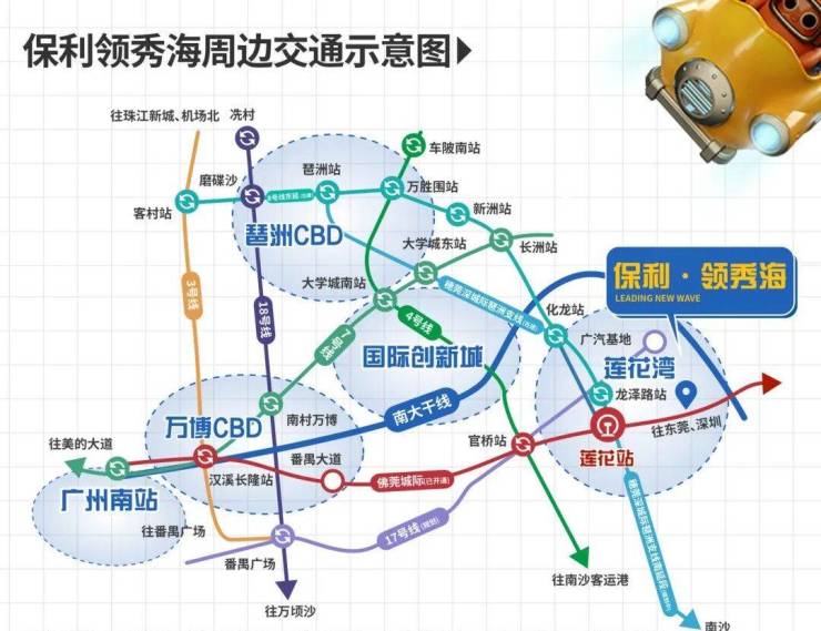 莲花山枢纽站,3站可以直达琶洲,出行成本多少先不说,靠城轨通勤其实也是不现实的,因为城轨不像地铁那样班次频密,这一点可以参考一下新塘的穗莞深。
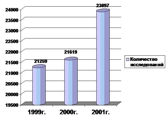 В 2001 году практически увеличилось количество всех исследований равномерно. Больше стало проводиться полостных исследований (трансвагинальные и трансректальные), доплеровского исследования сосудов.
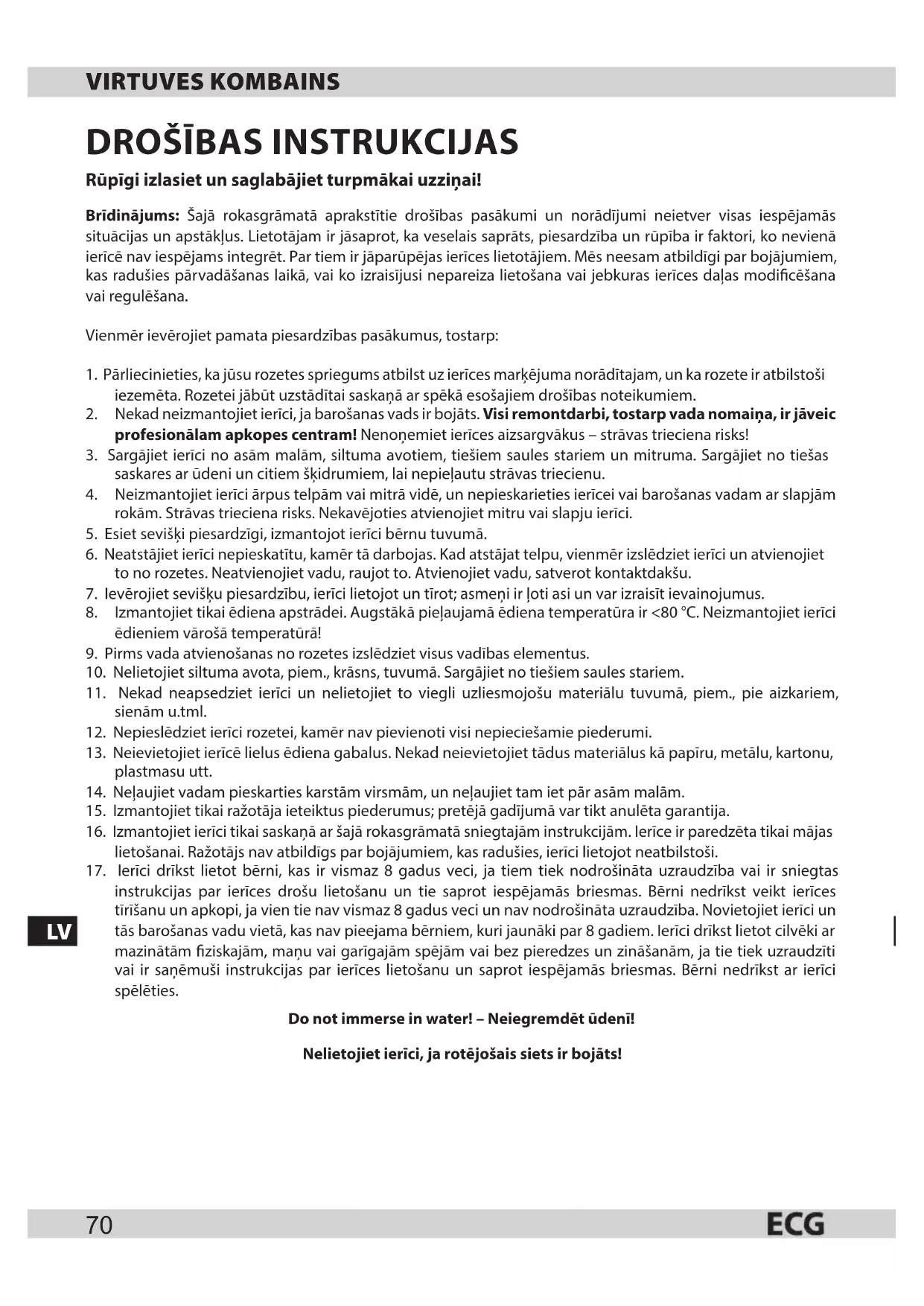 Ietinamais papīrs un kartons – nogādāt pārstrādes punktā. Iepakojuma folija, PE maisi, plastmasas daļas – iemest plastmasas šķirošanas konteineros. ATBRĪVOŠANĀS NO IERĪCĒM KALPOŠANAS LAIKA BEIGĀS Atbrīvošanās no elektriska un elektroniska aprīkojuma (attiecas uz ES dalībvalstīm un citām Eiropas valstīm, kur ieviesta pārstrādes sistēma) Norādītais simbols uz ierīces vai iepakojuma nozīmē, ka ierīci nedrīkst pievienot sadzīves atkritumiem. Nododiet ierīci norādītajā elektriska un elektroniska aprīkojuma pārstrādes punktā. Novērsiet negatīvu ietekmi uz veselību un vidi, parūpējoties par ierīces pareizu pārstrādi. Pārstrāde palīdz taupīt dabas resursus. Lai saņemtu plašāku informāciju par šīs ierīces pārstrādi, sazinieties ar vietējo atbildīgo iestādi, sadzīves atkritumu apstrādes organizāciju vai veikalu, kur ierīci iegādājāties. Šī ierīce atbilst ES direktīvu prasībām par elektromagnētisko saderību un elektrisko drošību. Pamācība ir pieejama vietnē www.ecg-electro.eu. Iespējamas teksta un tehnisko parametru izmaiņas. 08/05K
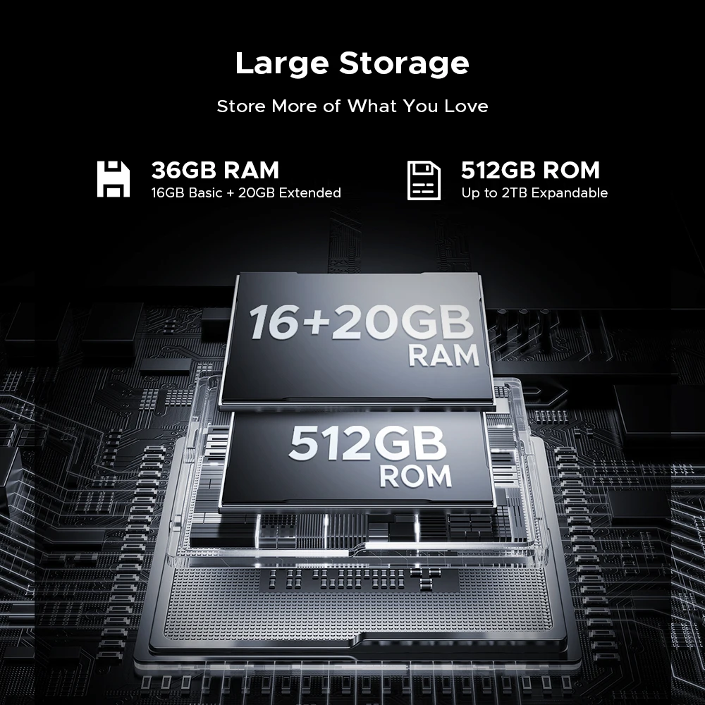 36GB RAM(16GB+Up to 20GB Extended RAM)+512GB ROM |
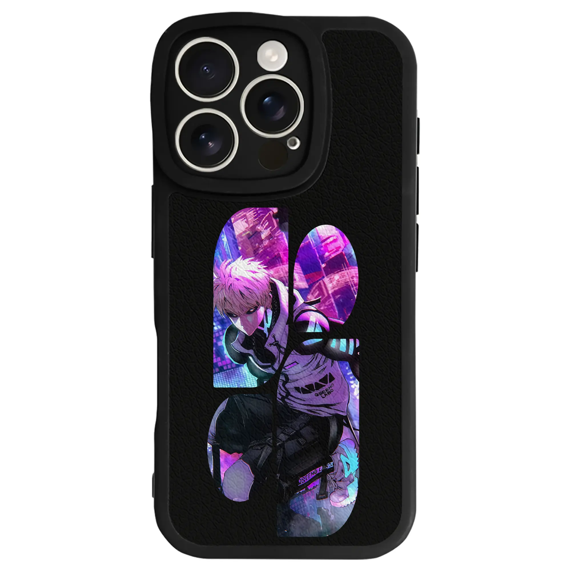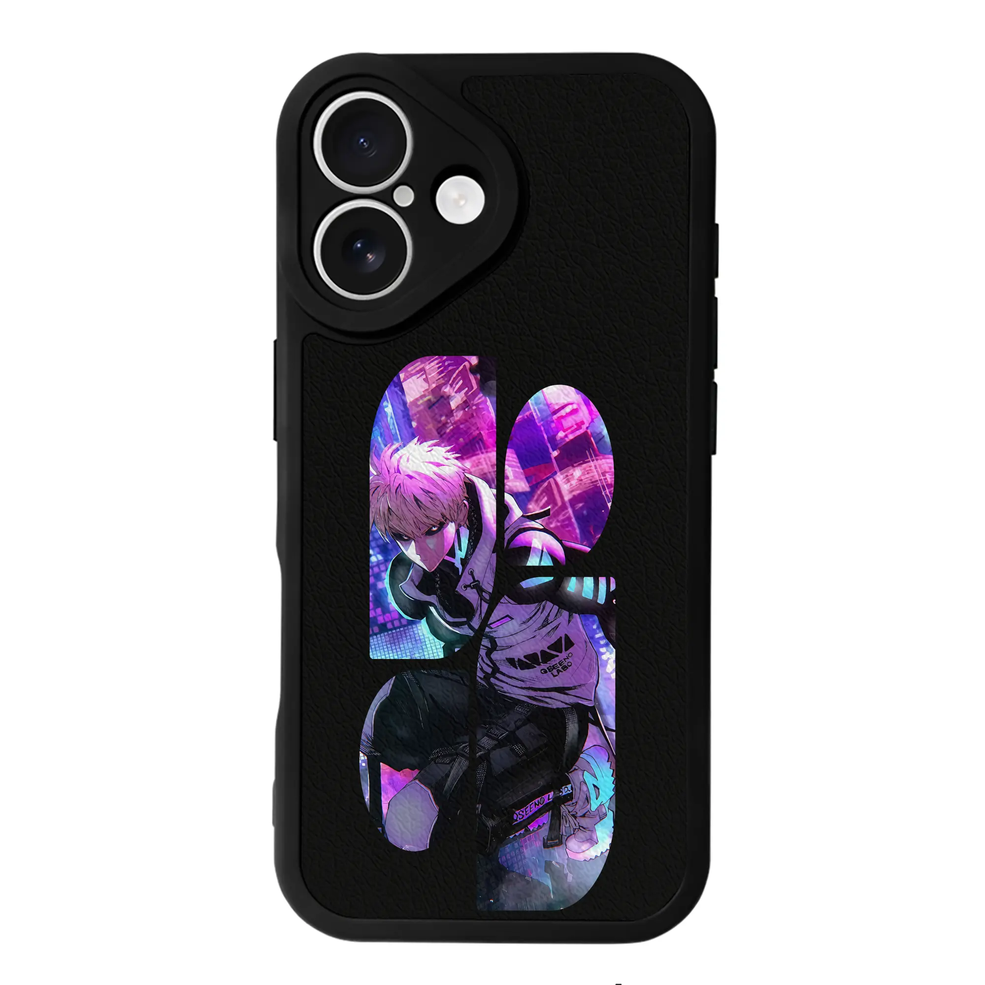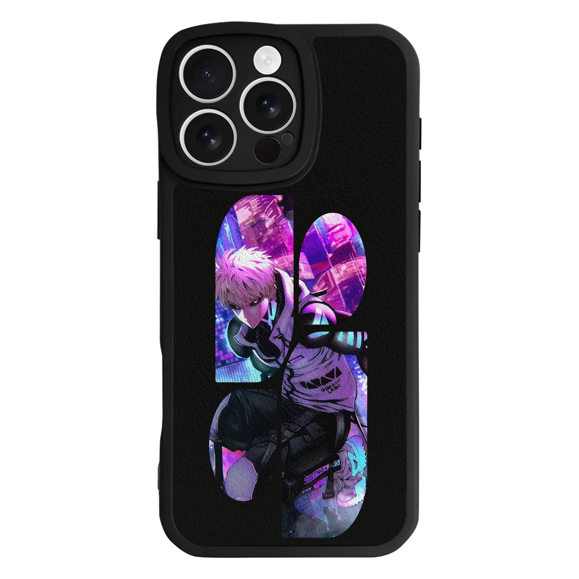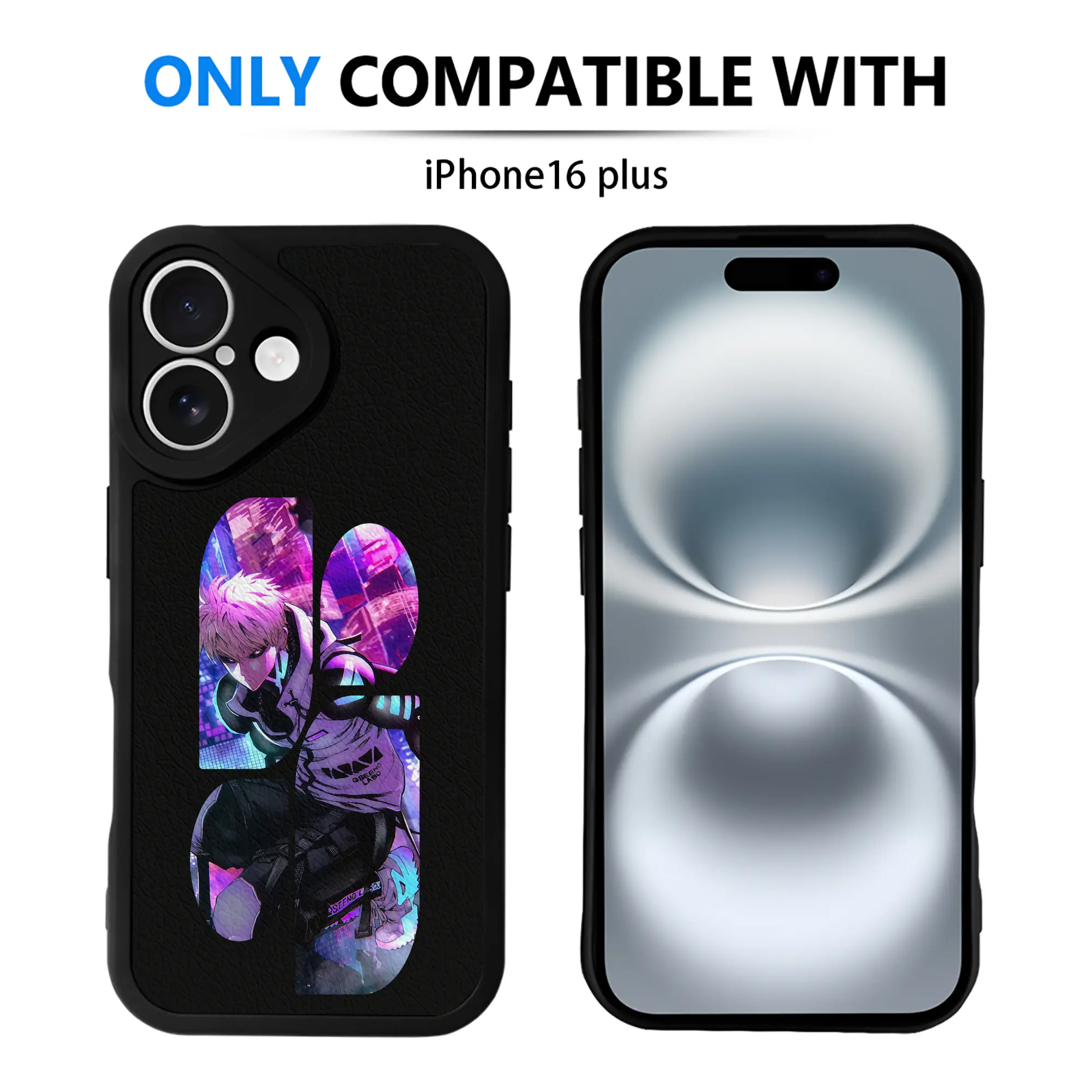 ワンパンマン グッズ ジェノス - IPhone 16シリーズ対応 ・ シリコンスマホケース ・ レザー調 ・ 高精度フィット ・ 耐衝撃 ・ ワイヤレス充電対応 ・ 精密カット
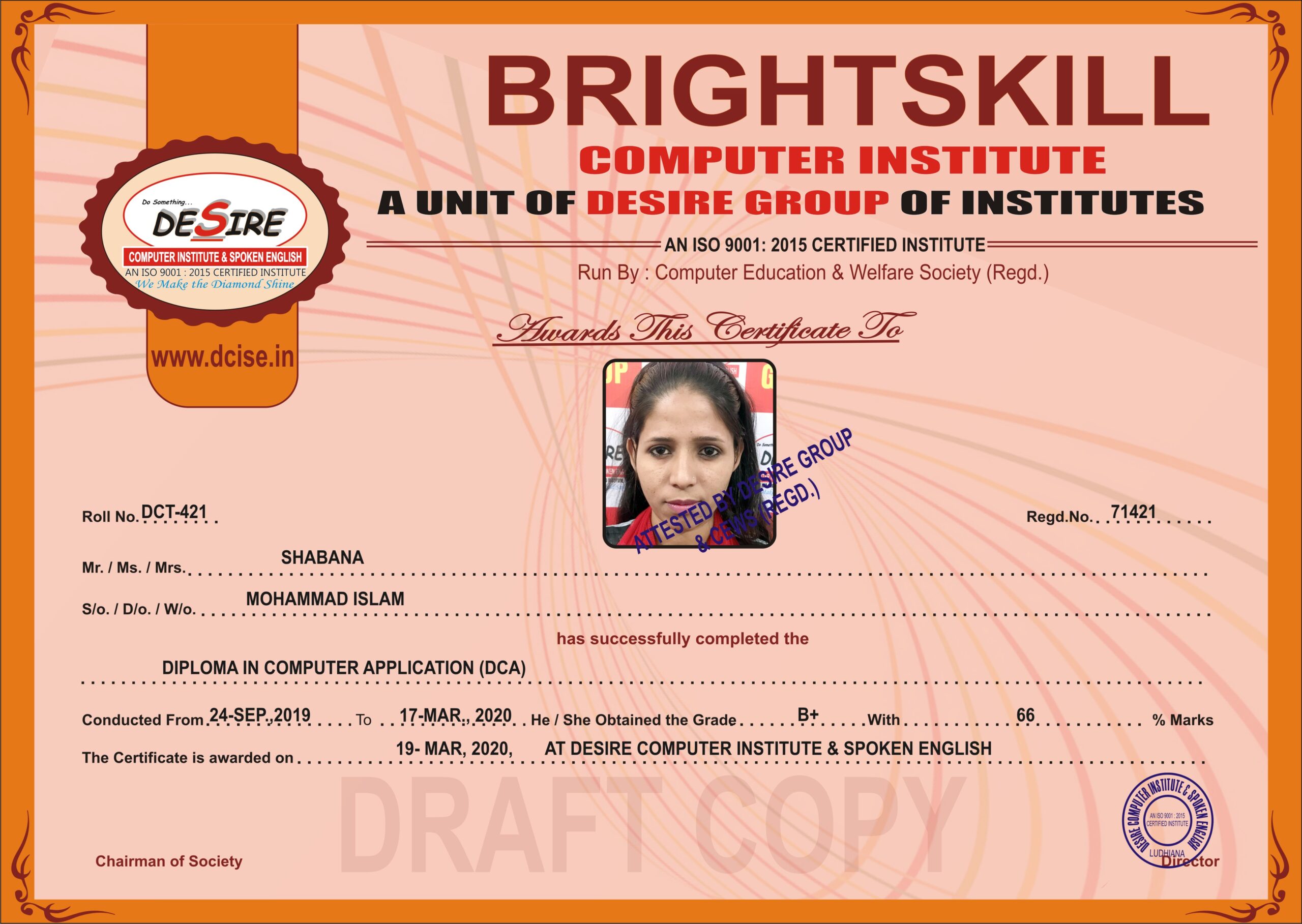 Course Name: | DIPLOMA IN COMPUTER APPLICATION (DCA) |

— TASK TO CARRY OUT —
Print each of the records above exactly as written, leaving no picture in the copy.

— WRITTEN SOLUTION —
 莲花山枢纽站,3站可以直达琶洲,出行成本多少先不说,靠城轨通勤其实也是不现实的,因为城轨不像地铁那样班次频密,这一点可以参考一下新塘的穗莞深。
 В 2001 году практически увеличилось количество всех исследований равномерно. Больше стало проводиться полостных исследований (трансвагинальные и трансректальные), доплеровского исследования сосудов.
 Ietinamais papīrs un kartons – nogādāt pārstrādes punktā. Iepakojuma folija, PE maisi, plastmasas daļas – iemest plastmasas šķirošanas konteineros. ATBRĪVOŠANĀS NO IERĪCĒM KALPOŠANAS LAIKA BEIGĀS Atbrīvošanās no elektriska un elektroniska aprīkojuma (attiecas uz ES dalībvalstīm un citām Eiropas valstīm, kur ieviesta pārstrādes sistēma) Norādītais simbols uz ierīces vai iepakojuma nozīmē, ka ierīci nedrīkst pievienot sadzīves atkritumiem. Nododiet ierīci norādītajā elektriska un elektroniska aprīkojuma pārstrādes punktā. Novērsiet negatīvu ietekmi uz veselību un vidi, parūpējoties par ierīces pareizu pārstrādi. Pārstrāde palīdz taupīt dabas resursus. Lai saņemtu plašāku informāciju par šīs ierīces pārstrādi, sazinieties ar vietējo atbildīgo iestādi, sadzīves atkritumu apstrādes organizāciju vai veikalu, kur ierīci iegādājāties. Šī ierīce atbilst ES direktīvu prasībām par elektromagnētisko saderību un elektrisko drošību. Pamācība ir pieejama vietnē www.ecg-electro.eu. Iespējamas teksta un tehnisko parametru izmaiņas. 08/05K
 36GB RAM(16GB+Up to 20GB Extended RAM)+512GB ROM |
 ワンパンマン グッズ ジェノス - IPhone 16シリーズ対応 ・ シリコンスマホケース ・ レザー調 ・ 高精度フィット ・ 耐衝撃 ・ ワイヤレス充電対応 ・ 精密カット
 Course Name: | DIPLOMA IN COMPUTER APPLICATION (DCA) |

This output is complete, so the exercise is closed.